A clutch of conservative billionaires and privately held corporations fueled nearly $1 billion in spending by super PACs and nonprofit groups this cycle, unleashing a wave of attack ads unrivaled in U.S. history. Yet Republican groups and their donors failed to achieve their two overarching goals--to unseat President Obama and return the U.S. Senate to the control of the GOP.
In the Senate, Republicans lost ground, pouring well over $100 million in outside money into a half-dozen seats that went to Democrats. In the presidential race, GOP nominee Mitt Romney and his allies spent more than twice as much as John McCain in 2008, but only took back red-leaning Indiana and North Carolina for their trouble.

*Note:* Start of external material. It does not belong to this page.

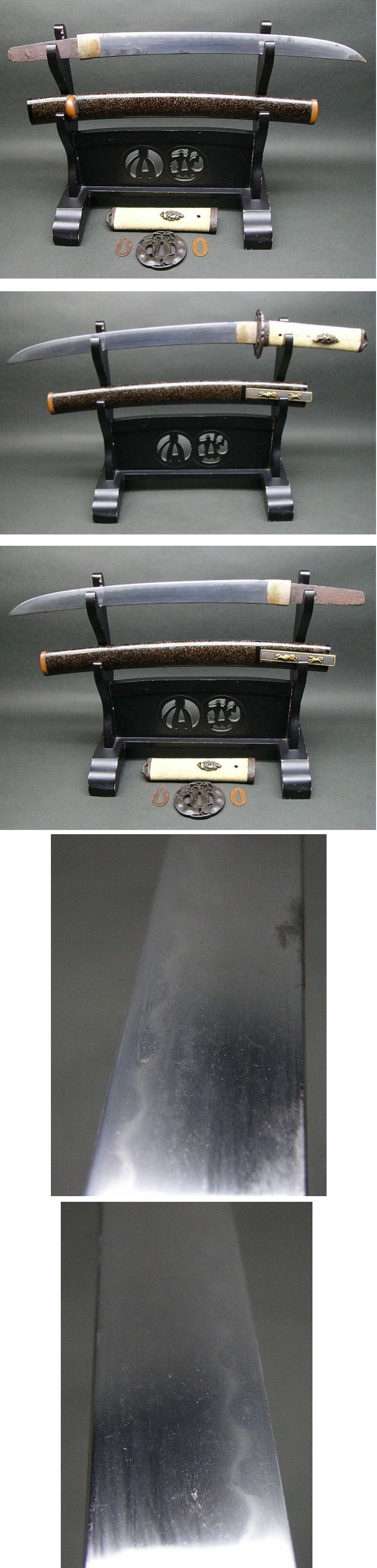 [備考] 平造り寸延び短刀 棕梠塗鞘拵入 祐定 34.8cm。

Even in the House, where last-minute surges of cash would seem to stand a good chance of swinging races, GOP money groups struck out repeatedly, according to the Post analysis. In 26 of the most competitive House races, Democratic candidates and their allies were outspent in the final months of the race but pulled out a victory anyway. That compares to 11 competitive races where Republicans were outspent and won.
Outside money was the dog that barked but did not bite.
* * *
“Its lasting impact will be that it fueled the public’s disgust about politics,” said David Donnelly of the Public Campaign Action Fund, which favors stricter campaign-finance regulations.
On election day, Montana voters approved an initiative, I-66, that had 75 percent approval with about half the vote counted. Montana voters approve ballot questions:
[It] creates a state policy that corporations are not people entitled
to constitutional rights, and direct Montana's congressional delegation
to introduce a constitutional amendment establishing that.
The initiative got on the ballot amid the backlash to the U.S. Supreme Court's 2010 Citizens United decision that ruled a ban on corporate spending in federal elections was a restriction of free speech.
The Attorney General of Montana who defended Montana's ban on corporate money in politics before the U.S. Supreme Court, Steve Bullock, was elected Governor of Montana. Bullock defeats Hill in Montana governor race.